Ultima nota "divertente"...ad un certo punto della notte o del mattino, Zingaretti sta per votare un ordine del giorno del movimento 5 stelle che denuncia una grave irregolarità' (in violazione di una norma costituzionale) nella nomina di un alto dirigente regionale (Tardiola) fortemente voluto dal Presidente stesso per riformare la macchina amministrativa. Zinga molto convinto di "difendere la costituzione" da' parere positivo...poi nel giro di pochi secondi in tutta fretta arriva un consigliere di maggioranza che lo avvisa nell'orecchio dell'"errore"...e subito il nostro Zinga esce con un "ho cambiato idea, parere contrario". Per poco non lo abbiamo preso in castagna
Tutto questo in una sola seduta del consiglio regionale.
Forse alla fine è solo una roulette, truccata.

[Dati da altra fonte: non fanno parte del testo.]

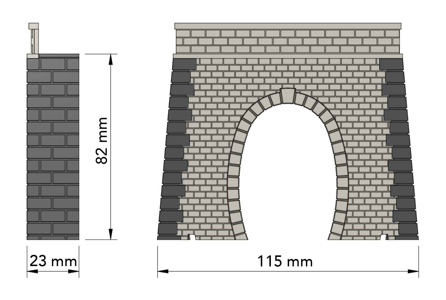 TT scale reproduction (1:120) of a pair of side columns to be combined with the single-track portals with initial code 1150

Chi ha il potere di decidere a suo piacimento orari di inizio e fine delle convocazioni, chi si nasconde e vota ben compatto dietro i numeri della maggioranza, chi ha la conoscenza dei meccanismi di ostruzionismo
e li usa senza nemmeno troppa logica, chi da anni si muove nelle stanze del potere e ha alle sue spalle conoscenze ed amicizie nella macchina
amministrativa regionale... VINCE.
Chi è fuori da tutti questi giochi, chi vuole restare sempre onesto e trasparente, chi pensa solo agli interessi dei cittadini, votando non sulla base di chi propone un emendamento ma valutando di volta in volta
se è valido o meno... PERDE.
Questa è quello che c'è dentro la scatola di tonno che abbiamo aperto ormai 3 mesi or sono.
Questa è la roulette truccata che vediamo ogni giorno.
Siamo in guerra, e il movimento 5 stelle non si fermerà' mai.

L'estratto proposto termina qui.